◆ **EXERCISE INPUT**:
=-=-=
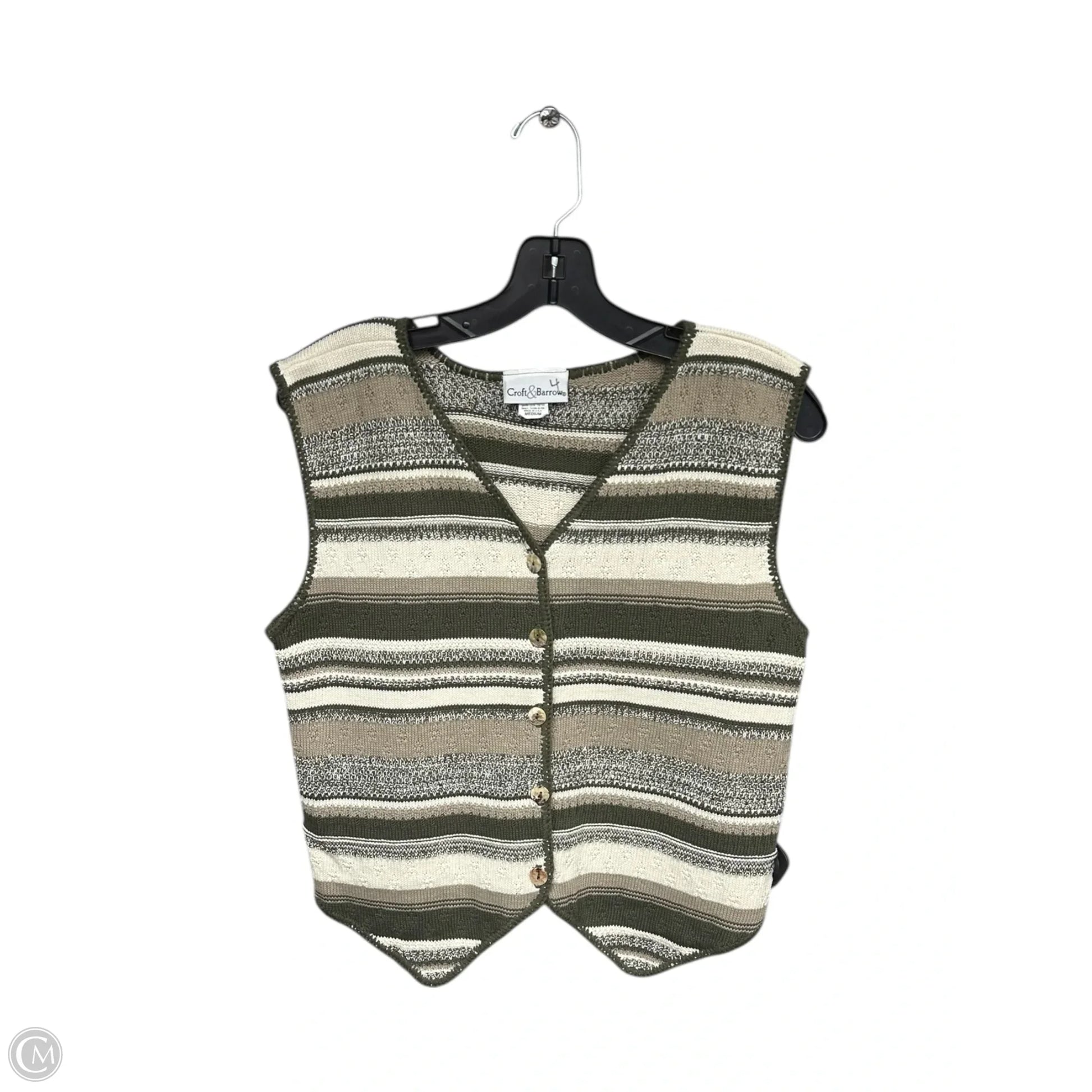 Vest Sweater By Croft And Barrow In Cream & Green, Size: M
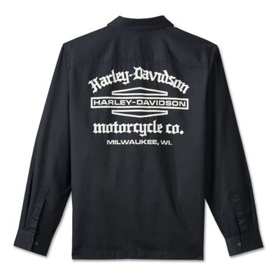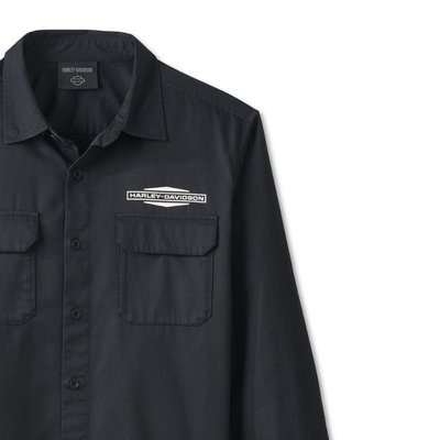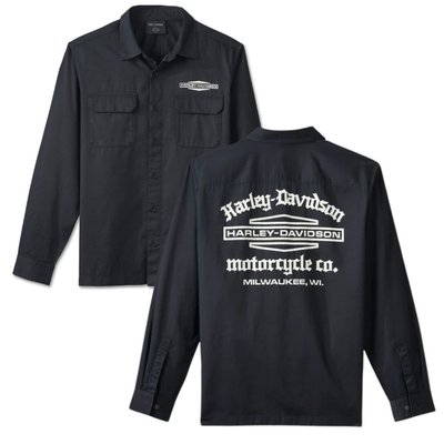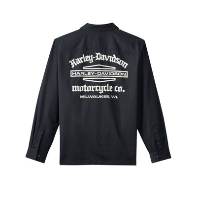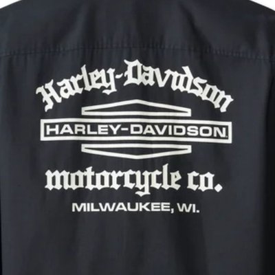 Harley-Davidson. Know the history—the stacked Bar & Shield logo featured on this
=-=-=
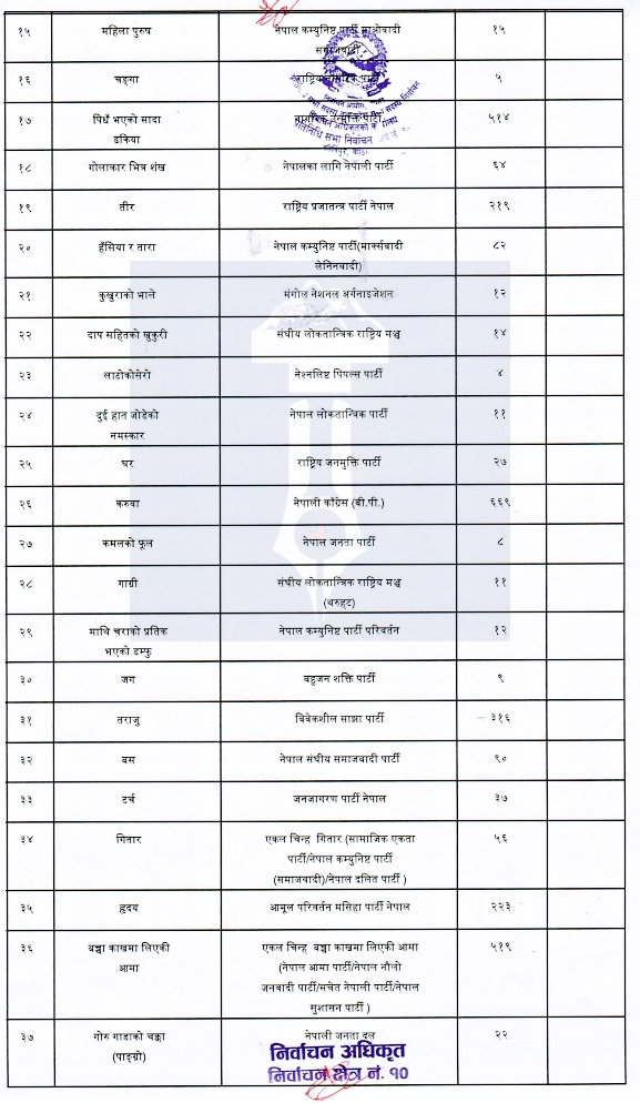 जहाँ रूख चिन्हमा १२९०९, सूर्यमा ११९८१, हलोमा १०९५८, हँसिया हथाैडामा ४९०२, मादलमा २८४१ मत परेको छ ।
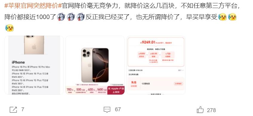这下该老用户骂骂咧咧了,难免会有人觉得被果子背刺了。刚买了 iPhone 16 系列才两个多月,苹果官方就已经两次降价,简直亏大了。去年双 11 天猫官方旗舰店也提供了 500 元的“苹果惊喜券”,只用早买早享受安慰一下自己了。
=-=-=
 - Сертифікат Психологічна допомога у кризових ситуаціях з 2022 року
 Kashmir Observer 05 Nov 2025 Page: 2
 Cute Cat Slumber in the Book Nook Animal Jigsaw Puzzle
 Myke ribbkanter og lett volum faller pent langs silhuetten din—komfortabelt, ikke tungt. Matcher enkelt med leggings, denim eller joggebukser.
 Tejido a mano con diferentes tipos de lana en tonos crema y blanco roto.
=-=-=
Could you restate, word for word, the lines above from the one with "Myke ribbkanter og" to the one with "Tejido a mano", both included?

◆ **TASK SOLUTION**:
 Myke ribbkanter og lett volum faller pent langs silhuetten din—komfortabelt, ikke tungt. Matcher enkelt med leggings, denim eller joggebukser.
 Tejido a mano con diferentes tipos de lana en tonos crema y blanco roto.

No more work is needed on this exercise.